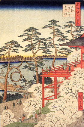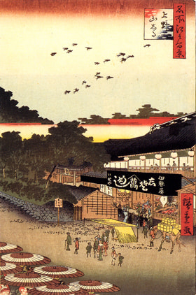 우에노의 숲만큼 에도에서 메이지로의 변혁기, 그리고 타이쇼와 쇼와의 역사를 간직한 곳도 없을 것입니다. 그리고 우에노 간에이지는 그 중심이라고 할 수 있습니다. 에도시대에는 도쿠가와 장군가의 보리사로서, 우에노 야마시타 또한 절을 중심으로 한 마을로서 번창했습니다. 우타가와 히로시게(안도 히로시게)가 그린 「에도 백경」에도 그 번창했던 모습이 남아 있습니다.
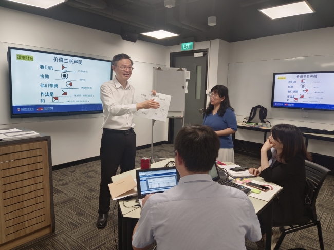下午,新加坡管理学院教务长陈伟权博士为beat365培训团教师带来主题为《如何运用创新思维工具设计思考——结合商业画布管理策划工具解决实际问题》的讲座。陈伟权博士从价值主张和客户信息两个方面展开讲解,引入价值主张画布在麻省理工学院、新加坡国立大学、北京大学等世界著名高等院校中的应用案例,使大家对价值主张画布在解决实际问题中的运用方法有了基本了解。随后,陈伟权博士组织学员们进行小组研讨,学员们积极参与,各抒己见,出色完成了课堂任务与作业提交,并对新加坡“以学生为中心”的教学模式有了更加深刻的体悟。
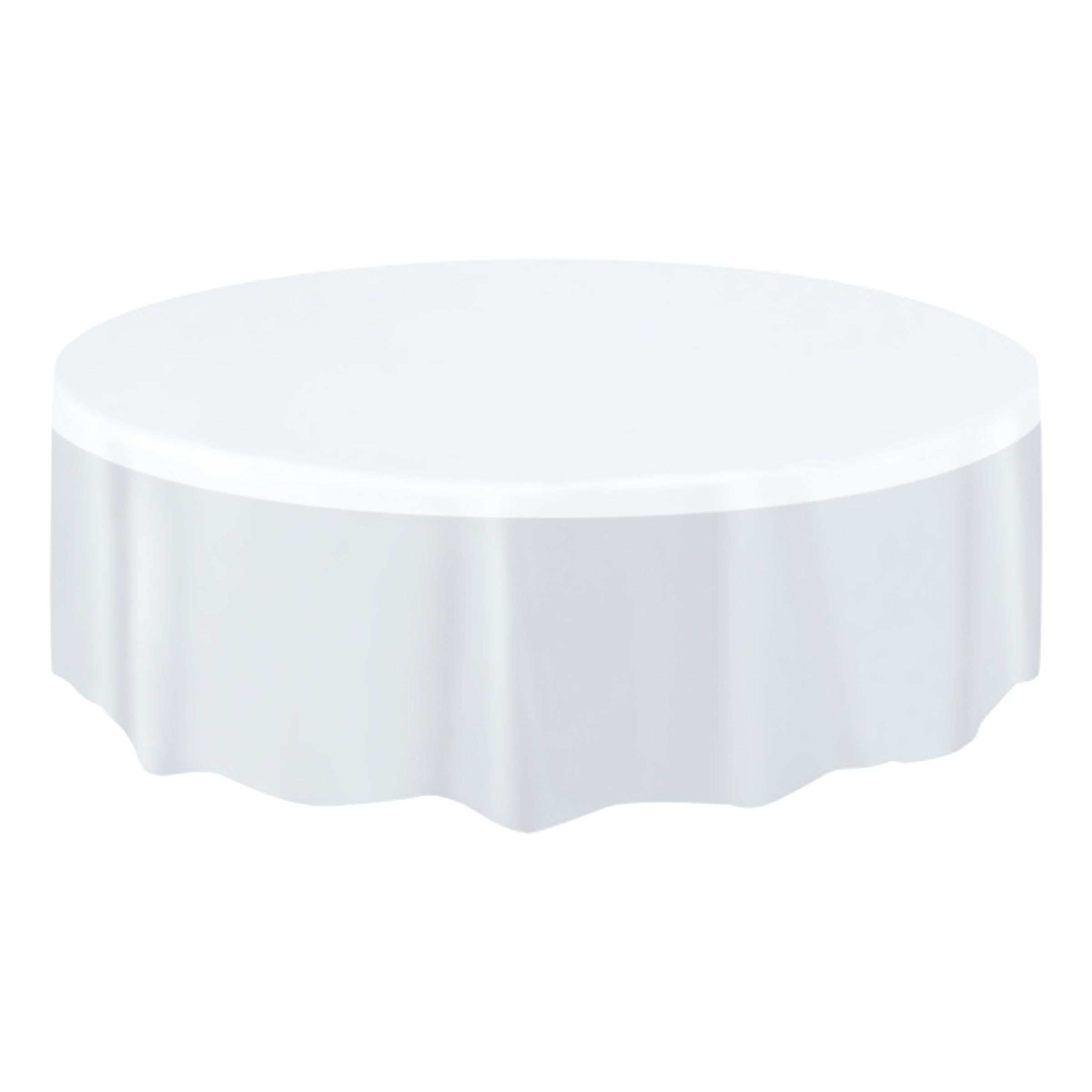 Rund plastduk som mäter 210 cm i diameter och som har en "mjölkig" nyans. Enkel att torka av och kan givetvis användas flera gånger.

> _WORK INSTRUCTION_: What is needed is an exact copy of the lines from the one with "下午,新加坡管理学院教务长陈" through the end of the data above, both included, minus any pictures.

> _TASK OUTPUT_:
下午,新加坡管理学院教务长陈伟权博士为beat365培训团教师带来主题为《如何运用创新思维工具设计思考——结合商业画布管理策划工具解决实际问题》的讲座。陈伟权博士从价值主张和客户信息两个方面展开讲解,引入价值主张画布在麻省理工学院、新加坡国立大学、北京大学等世界著名高等院校中的应用案例,使大家对价值主张画布在解决实际问题中的运用方法有了基本了解。随后,陈伟权博士组织学员们进行小组研讨,学员们积极参与,各抒己见,出色完成了课堂任务与作业提交,并对新加坡“以学生为中心”的教学模式有了更加深刻的体悟。
 Rund plastduk som mäter 210 cm i diameter och som har en "mjölkig" nyans. Enkel att torka av och kan givetvis användas flera gånger.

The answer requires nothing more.